As per TechSci Research, “India
Gold Loan Market By Type of Lenders (Formal v/s Informal), By Mode
of Disbursal (Cash, Cheque, Electronic Transfer), By Interest Rate (Up to 10%,
11%-20%, 21%-30%, 31%-40%, Above 40%), By Regulatory Body (RBI v/s Ministry of
Corporate Affair), By Market Type (Organized v/s Unorganized), By Application
(Investment v/s Collecting), By End Users (Salaried Middle Class, Housewives,
Traders, Micro-Enterprises, Self-Employed, Others), By Region, Forecast &
Opportunities, 2025”, India gold loan market is expected to witness significant
CAGR until 2025 on account of expansion of network by gold loan provider
companies. Offering of gold loan services through online channels and digital
platforms is expected to surge the demand for gold loan in India. Based on type
of lenders, the market can be split into formal and informal.

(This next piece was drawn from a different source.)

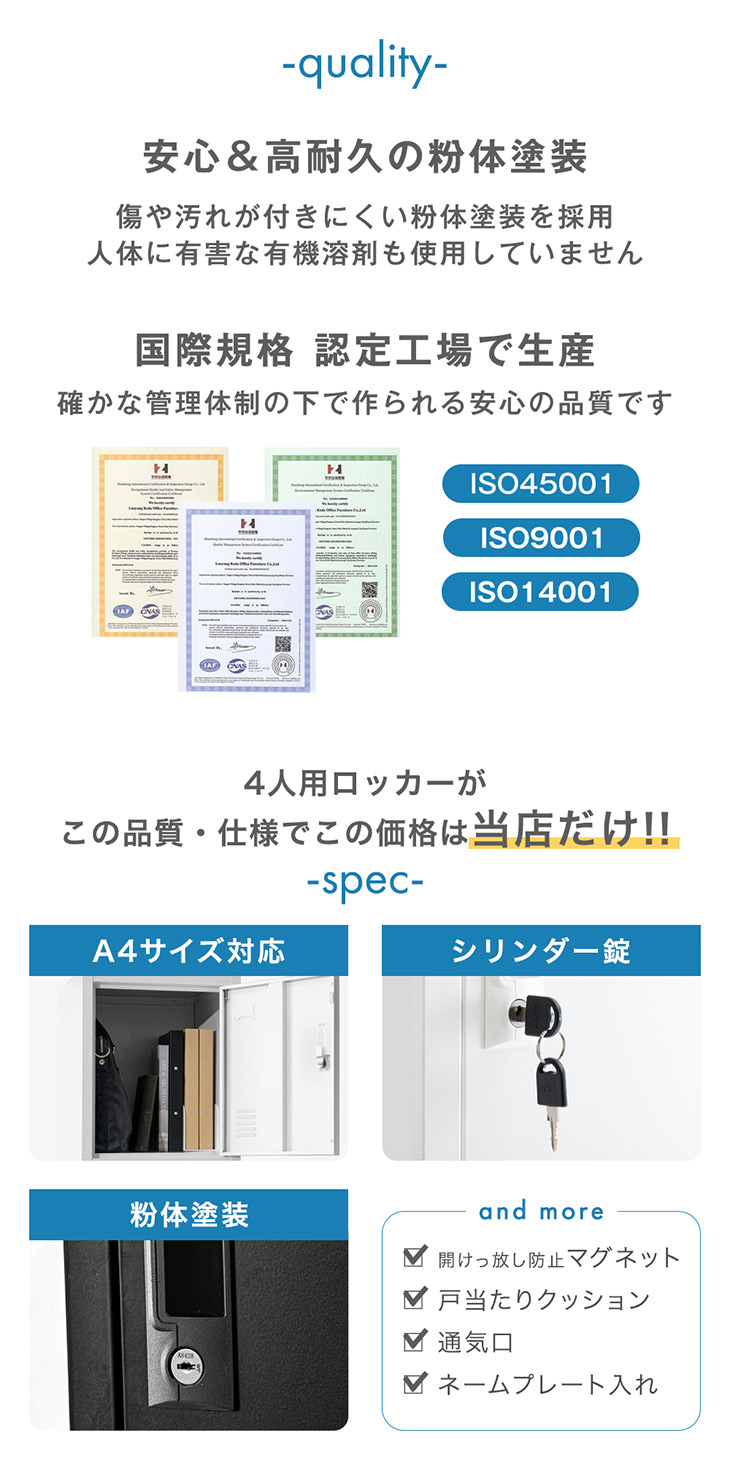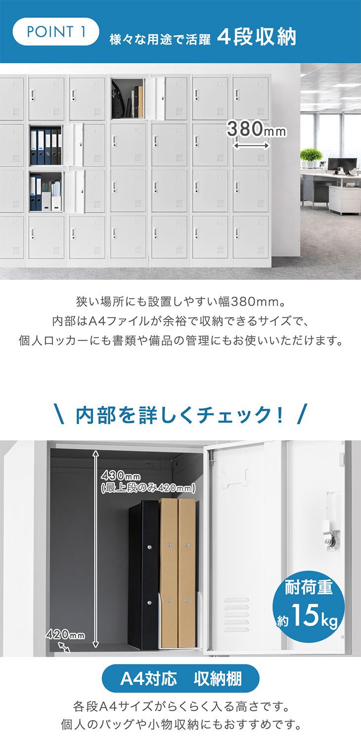 ロッカー 4人用 スリム オフィス 更衣室 鍵付きロッカー 高耐久 収納 鍵 業務用 会社 法人 鍵付き シンプル おしゃれ 貴重品ロッカー

The formal
segment is expected to witness growth such as quick loan approval, minimal
documentation, greater penetration & accessibility, flexibility of amount,
high loan to value ratios, among others are significant factors accelerating
the market growth.
As per TechSci
Research, “India
Wealth Management Market By Advisory Mode (Human Advisory, Robo
Advisory & Hybrid), By Business Function (Financial Advice Management,
Portfolio, Accounting & Trading Management & Others), By Deployment
Mode (On-premises & Cloud), By Enterprise Size (Large Enterprises Vs Small
& Medium Enterprises), By End-User Industry (Investment Management Firms,
Trading and Exchange Firms & Others), Competition, Forecast &
Opportunities, 2025”, India wealth management market is projected to grow
with around 11% CAGR until 2025 due to rise in adoption of innovative tools for
investment purpose. Surge in disposable income and rise in internet penetration
is expected to fuel the market growth. Based on advisory mode, the wealth
management market is categorized into human advisory, robo advisory and hybrid.
Among them, robo advisory mode is projected to witness high traction in the
upcoming years as this mode is efficient, cost-effective, and safe to use.